I chuckle. “Don’t go having some identity crisis. You are good at reading people. No one saw the situation with your brother and Elena. Who would’ve guessed that he’d secretly get married to the new team doctor in Vegas so that she wouldn’t lose her inheritance only to fall in love with a woman twelve years his senior? Those two are as different as night and day. No one saw that coming.”
“Yeah.” She grins. “But they are so amazing together. Don’t you think? It makes me wonder why I didn’t see it before.”
“They do seem very happy. And the thing with Cade—you can’t count that either. No one can see the full picture when they’re in it.”
“Yeah, I guess. Still, I really thought I saw something between you and Gunner.”
I scoff. “Me and the grumpy goalie? Come on, Iris.”
“I know it seems weird, but I saw something there…or, at least, I thought I did.”
“Sorry to burst your bubble, but it's time to move on to someone else.”
A renewed smile finds her face. “Did you pick up some chemistry between Bash and Ariana at the resort during bye week?”
I laugh. “I didn’t mean right now!”
“You said to move on to someone else, so I’m moving on to someone else,” she quips.

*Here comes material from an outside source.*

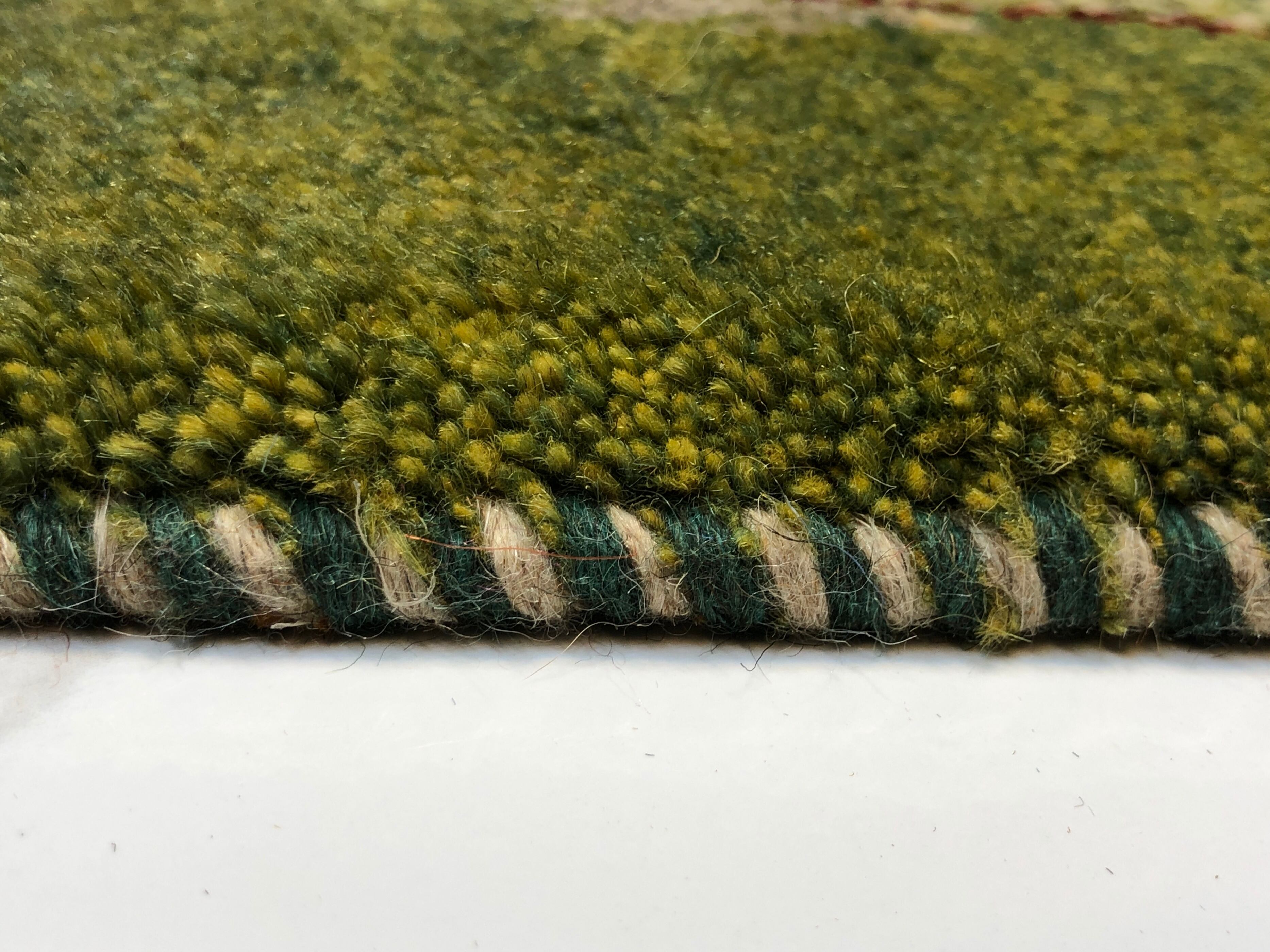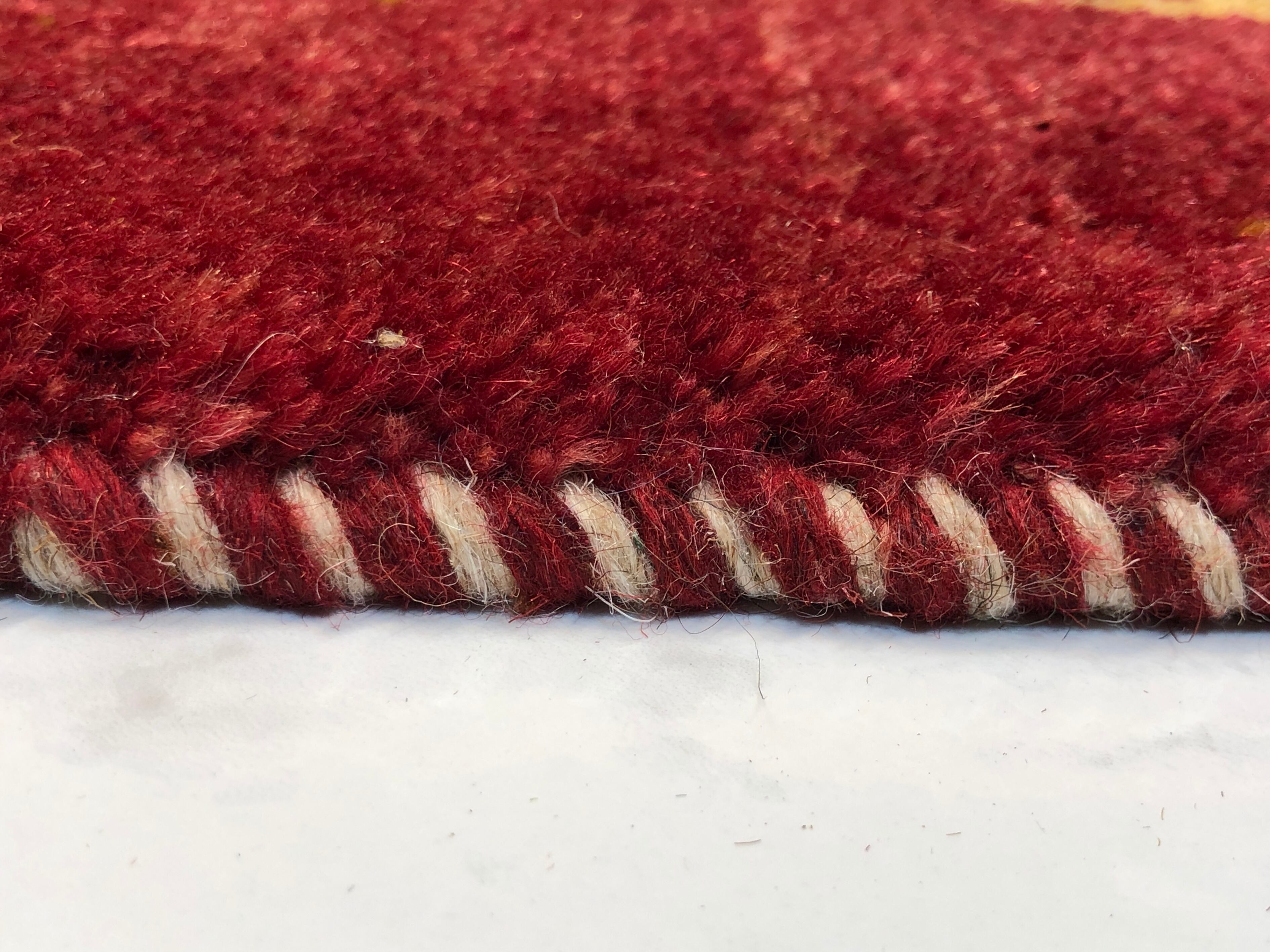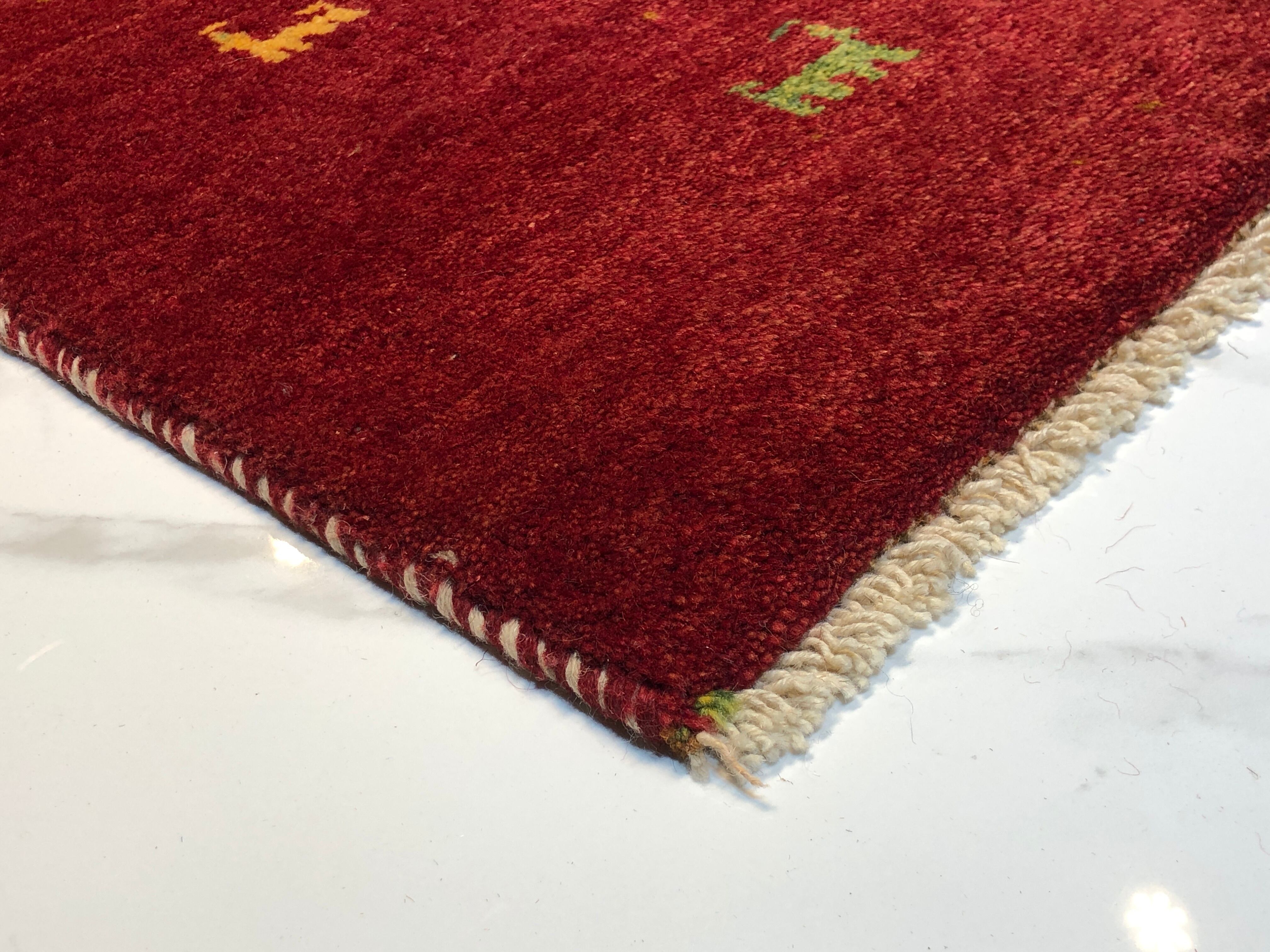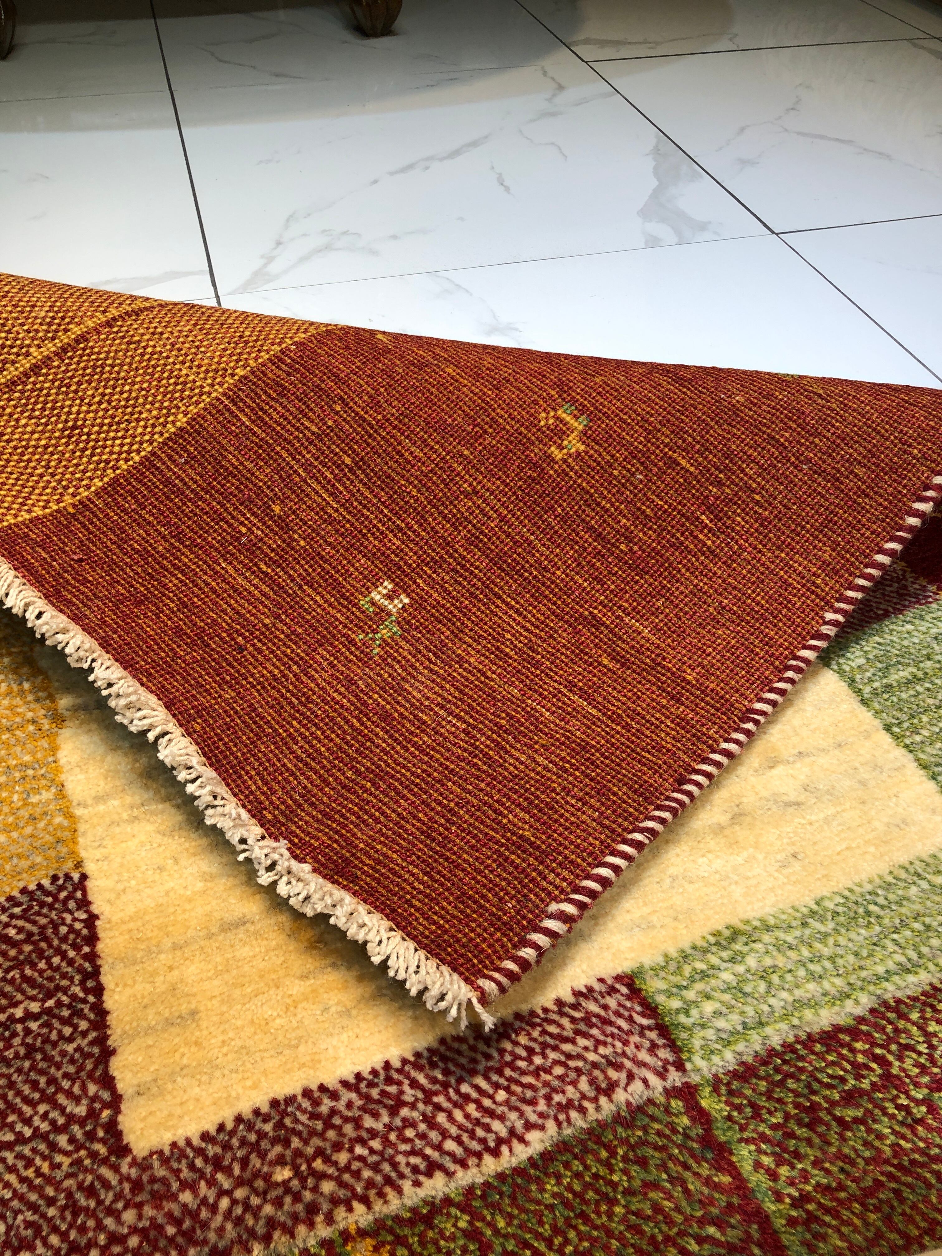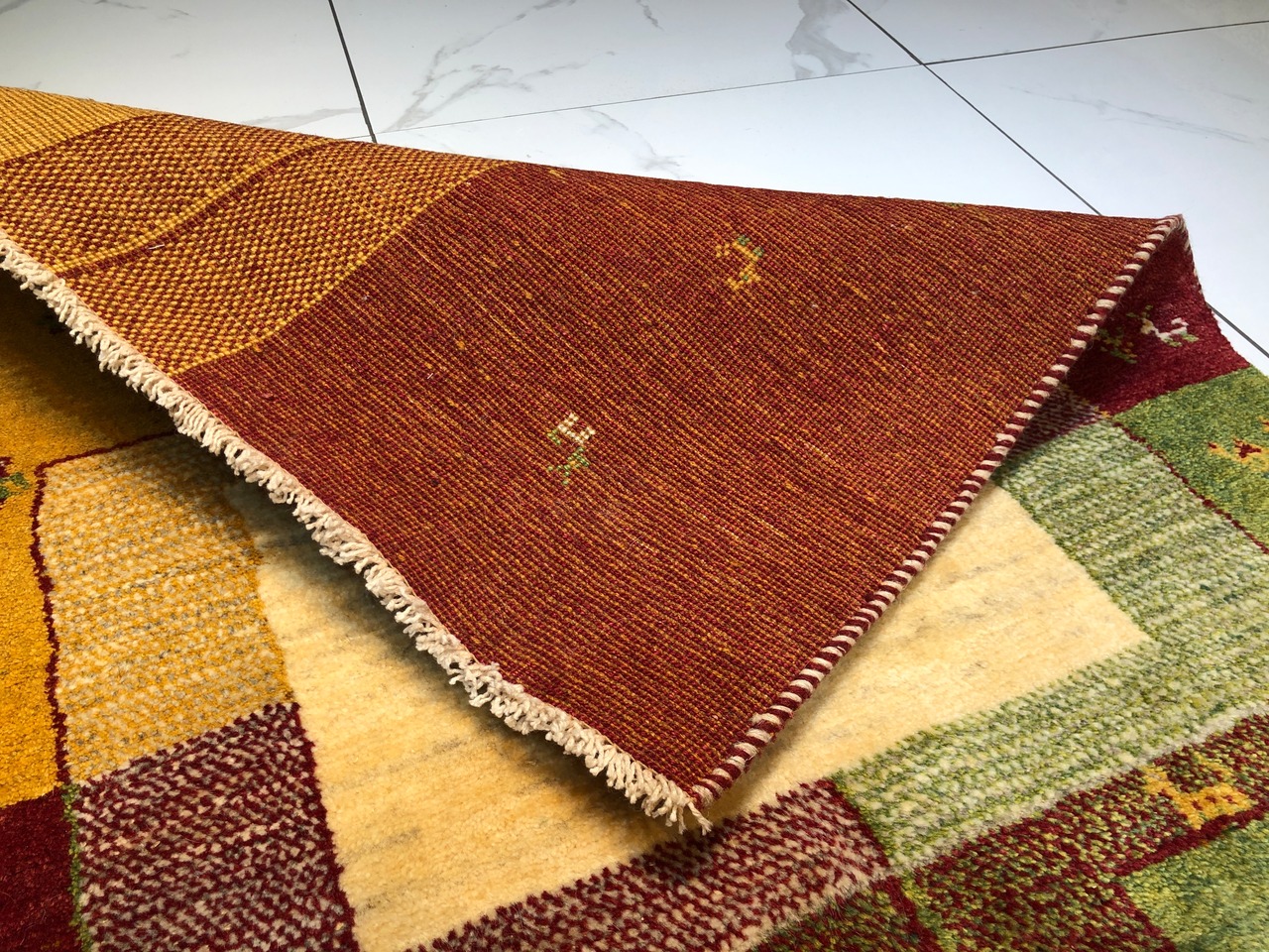 ウール100%を使用し、イランSHIRAZ産の手織りGABBEHです。草木染めにより生まれた温かみのある色合いと独特なデザインは、見る人々を魅了し、自然の優しさを感じさせます。この絨毯は、インテリアに温もり添え、リラックスできる空間を演出します。彩り豊かな色合いと豊かな表情が、お部屋の雰囲気を一層引き立てます。
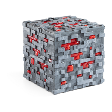 This illuminating redstone ore replica is full of detailed textures inspired by rock and crystal. The redstone textures in this ore glow with the light of the LED, which has three different modes—a gentle, flickering pulse, steady illumination, and off, ready to come back on at your touch.

“Okay, but not now. I’m exhausted. Plus, no. I think Elena would kill any player who tried to get with her daughter.”
“Bash is the baby on the team. He’s only a couple of years older than Ariana. I think they’d be cute together.”
Holding out my hands, I shake my head. “Not in the mood.”
“Fine.” She sighs. “Well, I have everything set up for meet and greet after the game tomorrow. And, the linen supplier doesn’t have enough white tablecloths for the charity dinner next week, so I ordered the cream. I figure it will look just as good with the color scheme we have picked out.”
“Iris, you know I love you, but I’m going to have to kill you if you don’t leave.”
“What?” She giggles.
“I’m tired and need to sleep. I have full confidence in you and all your decisions. If you think hot-pink linens will look best, I trust you. I don’t care about who has chemistry with who. And, if I’m being honest, the only reason I’m still sitting here is because I’m enjoying my last few sips of my latte, which I won’t have again until August. So I appreciate you stopping by, but can you please leave now?”
She groans in mock annoyance. “Okay, then.” She hops up from the sofa. “I’ll leave. One of these days, you’ll have to give me something juicy. A friendship requires some tea, Penelope.”
“I’m not the tea-spilling type of girl. You know that about me.”
“I do, and I love you anyway,” she singsongs. “Oh, I’m all caught up at work and literally have nothing to do, so I’m taking the rest of the day off to play with Sandy. Okay, boss?”
Sandy is the golden wiener dog that she got Cade for Christmas, and I don’t blame her. I’d rather hang out with the puppy than most of the people at work, too.
Bringing the cup to my lips, I take a sip and give her a thumbs-up.
“See you tomorrow,” she says before leaving the living room.
The front door closes, and I’m left alone with my coffee and thoughts. I can’t believe she thought there was something between me and Gunner. I’m even more sure of my decision not to say anything about our time together in that hotel room. If she had thought there were some hidden feelings there before, our Vancouver escapades would have given her all the fuel she needed to fan that fire. And there’s no flame. No fire. No feelings.
There’s nothing between me and the grumpy goalie besides a distant memory of an extended one-night stand. Which, if I’m being honest, doesn’t even feel real. It felt like a dream. And like all dreams… they’re soon forgotten.